WinSCP offers a polished GUI which enables you to copy files between a local and remote computer using multiple protocols: FTP, FTPS, SCP, SFTP or WebDAV.

Advanced users can automate WinSCP functionality using .NET assembly or simple batch file scripting. You can start editing a file directly from WinSCP, either using WinSCP internal text editor or using integration with an external text editor.

WinSCP offers several ways to synchronize your remote and local directories. It can even share site settings with another popular open source tool – PuTTY. WinSCP integrates also with Pageant (PuTTY authentication agent) for support of public key authentication with SSH.

Admins love WinSCP’s support for portable operation using a configuration file instead of registry entries, suitable for operation from removable media.

Advice for open source developers

“If you want to develop open source software, keep in mind you’re signing up for a marathon, not a short distance race. In order to be successful, you need to carefully divide your time between programming, testing, user support, documentation and planning the next steps,” notes Prikryl.

Since development and maintenance are complex, long-term goals, you should carefully choose what programming language and environment you start with.

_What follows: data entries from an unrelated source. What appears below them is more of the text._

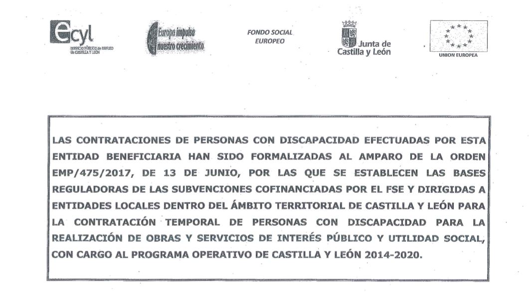 Por medio del presente anuncio se informa que el Ayuntamiento de Valseca ha procedido a la contratación de una persona con discapacidad para la realización de obras y servicios de interés público y utilidad social en virtud de la subvención concedida por el Servicio Público de Empleo de Castilla y León, la cual se encuentra cofinanciada por el Fondo Social Europeo.
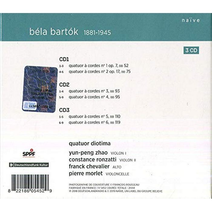 迪歐提瑪四重奏 巴爾托克弦樂四重奏全集 Quatuor Diotima Bartok V5452
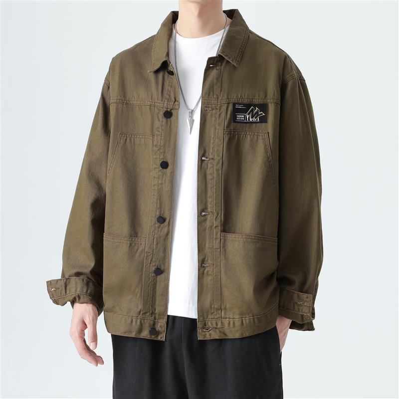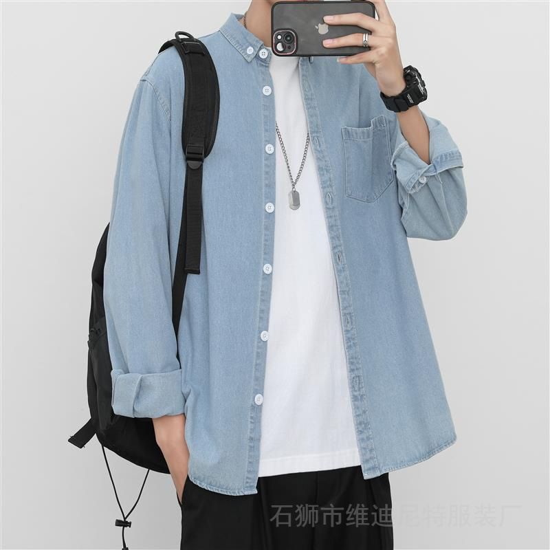 春と秋の薄いコートは日本のレトロな水洗いデニムシャツです。
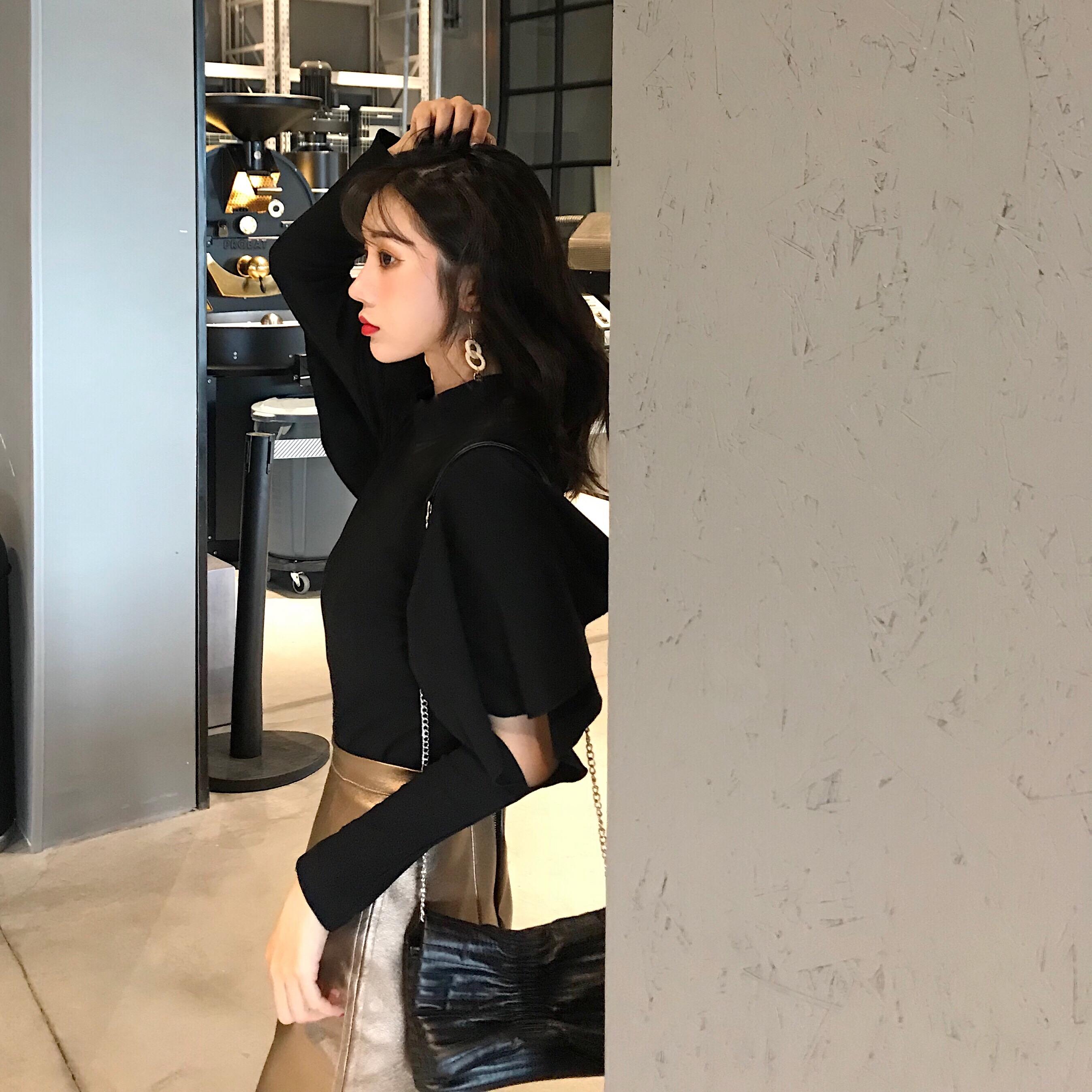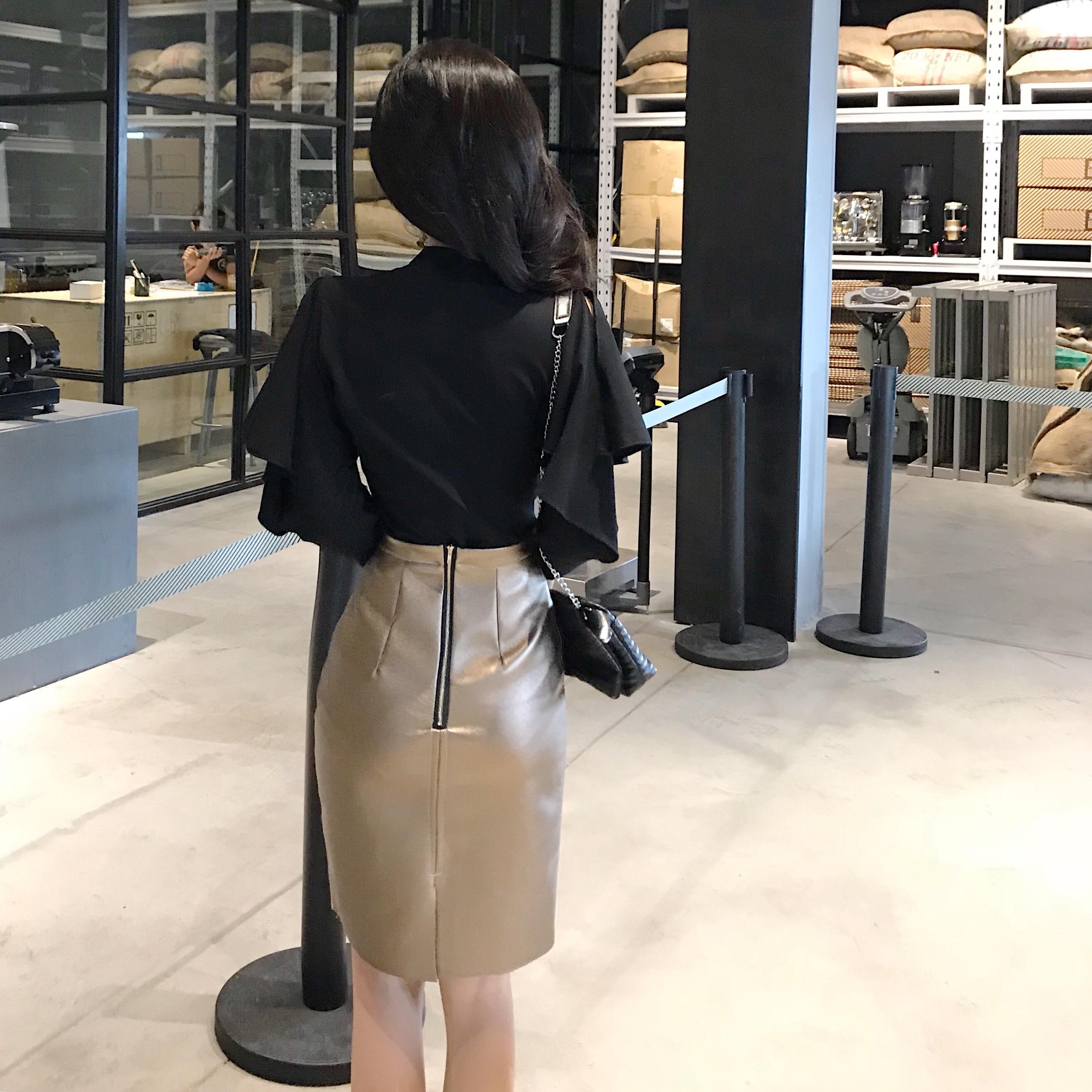 / 秋裝2018新款韓版時尚套裝氣質露肩圓領T恤高腰百搭皮裙兩件套女
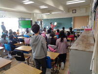 いつも朝早く来てくれる宮田っ子に見守られているカメゴン
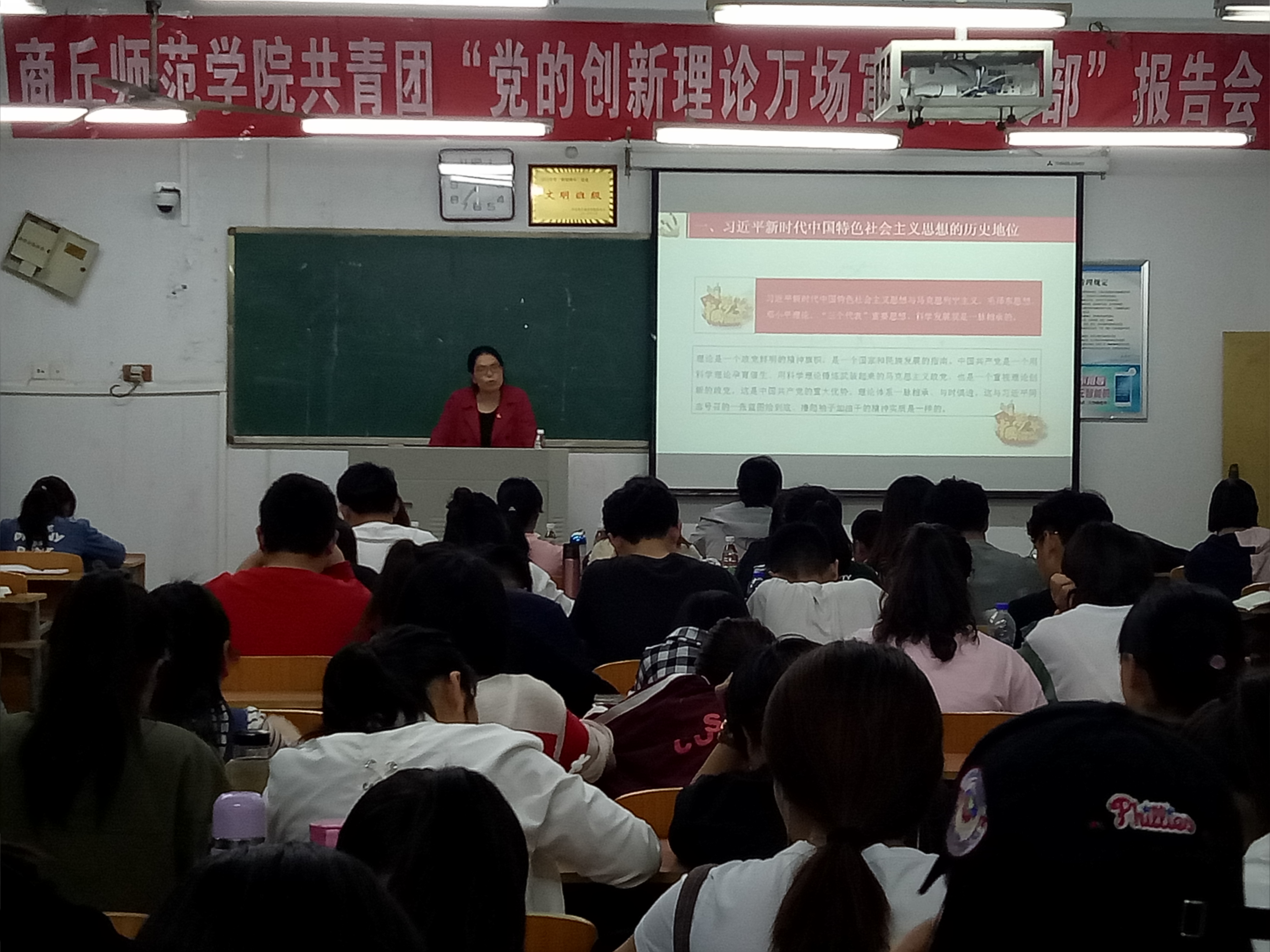 4月19日晚七点,英国威廉希尔公司于文化路校区1#408举办了“英国威廉希尔公司共青团‘党的创新理论万场宣讲进支部’报告会”。本次报告会的主题为“习近平新时代中国特色社会主义思想的历史地位和丰富内涵”,主讲人为英国威廉希尔公司教师教育学院团总支书记董若颖,英国威廉希尔公司团总支书记李龙梅主持报告会,16、17级各支部团支书、组织委员和宣传委员及17级各支部部分学生到场聆听。

“I’ve learned that my choice of Borland C++ Builder IDE was not good selection for the long term. While it was popular when I started the project, it’s barely used nowadays, which greatly limits contributions. Also, some 3rd party libraries used in WinSCP are not maintained by their authors anymore, so I need to maintain them on my own,” Prikryl explained.

“In order to make your open source software successful, you need to be able to decide what to do and what not to do. Both are equally important. Developing security software needs constant focus. What was seen as secure yesterday might not be secure today.”